For rural households, stand-alone PV systems mean that access to lighting, connectivity and cooling are no longer contingent on state investment in transmission lines. For schools, solarization is enabling study sessions, functioning fans during heat waves and reliable power for learning — outcomes that directly address decades of infrastructural neglect due to the high costs of importing diesel fuel. Rural health clinics, too, are beginning to operate refrigerators for vaccines and equipment for basic diagnostics, where unreliable electricity made sophisticated electronics unworkable.
By creating new access opportunities in marginalized communities, solar challenges the entrenched inequities of Pakistan’s energy regime. However, this democratizing potential is still uneven: Households able to afford storage systems or larger arrays benefit more than those limited to small daytime systems. Yet, even within these limits, solar has begun to blur the structural divides between the grid-connected and the energy-poor, offering an incremental correction of historical legacies.
Emerging Challenges
Despite the staggering rates of adoption, contradictions continue to persist. Distributed solar has reduced grid demand, triggering what analysts describe as a potential utility death spiral. Electric companies, already plagued by 20% transmission losses and endemic theft, now face collapsing revenues as high-paying consumers defect. Pakistan faces a paradox — a surplus of fossil-fuel plants with installed capacity of 46 GW under the China–Pakistan Economic Corridor partnership is now underutilized, but the U.S.-dollar denominated debt still has to be repaid. As more high-paying consumers defect, revenues collapse and electricity rates go up due to fixed capacity payments to idle thermal plants, deepening circular debt.
Policy responses — such as eliminating net-metering programs and imposing a 10% tax on imported panels — are unlikely to reverse the trajectory. Further, as central and provincial policies continue to act at cross-purposes, with provincial authorities promoting agricultural solarization, and the federal government imposing import taxes to stabilise revenues, these contradictions may push more consumers towards off-grid systems, accelerating the fragmentation of the power sector.
How Can Pakistan Maintain Its Solar Momentum?
Pakistan’s solar transition has demonstrated a definitive shift from technology commercialization to full market acceptance of renewable energy among lower-income communities.
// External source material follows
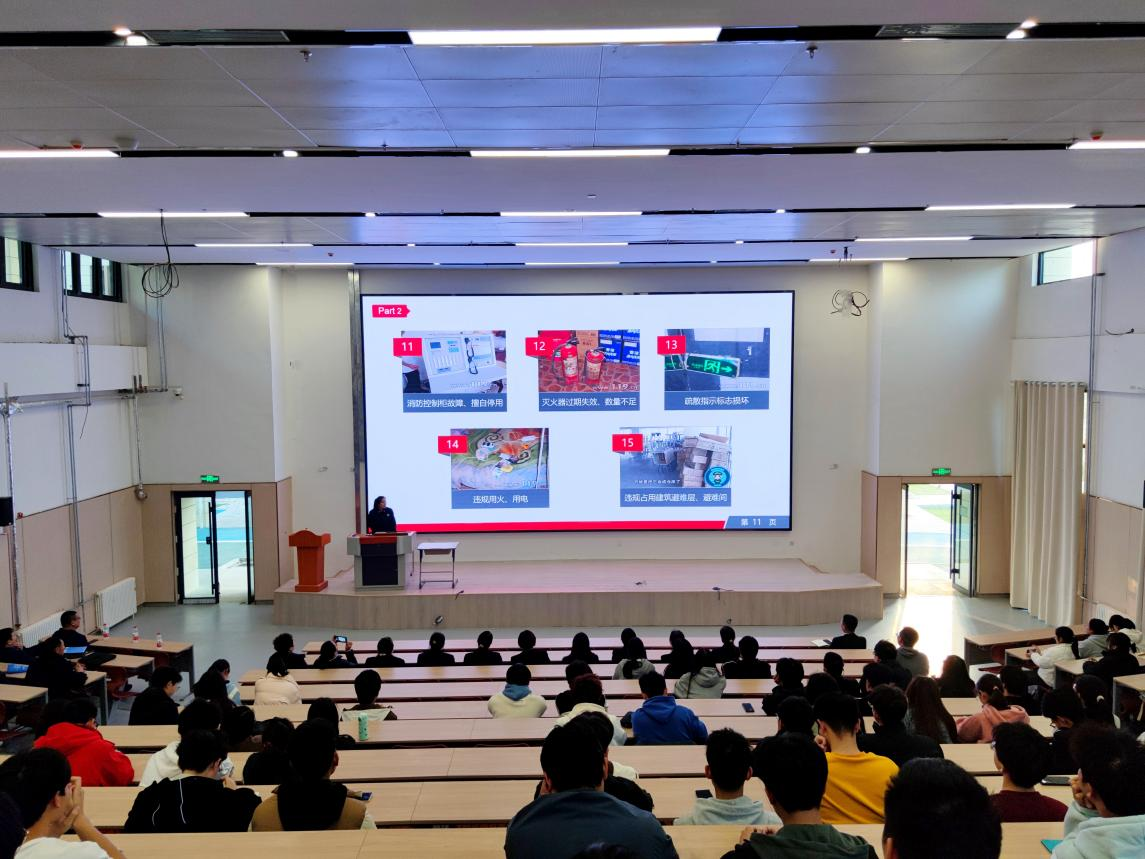 2023年11月21日下午4︰00,我校在教学楼报告厅举行“预防为主、生命至上”消防安全主题培训。学校后勤安保科负责人、学生科负责人、学生代表、宿管员代表、辅导员代表、餐厅代表、商户代表近 200 人参加本次消防安全培训。

It is neither a climate-driven decarbonization nor a state-led green transition, but a counter-infrastructure of necessity that has expanded access at a pace unimaginable through conventional planning. What began as fragmented responses to tariff hikes and unreliable supply, has grown into one of the most striking people-led energy shifts in history.
While contradictions remain — utilities face revenue collapse and uneven finance access risks deepening divides — the broader trajectory is still transformative. Solar has displaced expensive imported fossil fuels, powered education and health care institutions, and given households and farmers a measure of energy sovereignty long denied by the centralized grid. Equally important, it has fostered new skills, livelihoods and forms of collective learning that extend well beyond energy.
Momentum is likely to accelerate as cost declines, supply chains improve and storage becomes standard on all new deployments. With localized guidelines, skill investment and recognition of solar PVs role in expanding energy access, Pakistan’s people-led transition can evolve from an infrastructure of necessity into a foundation for resilience, opportunity and social renewal.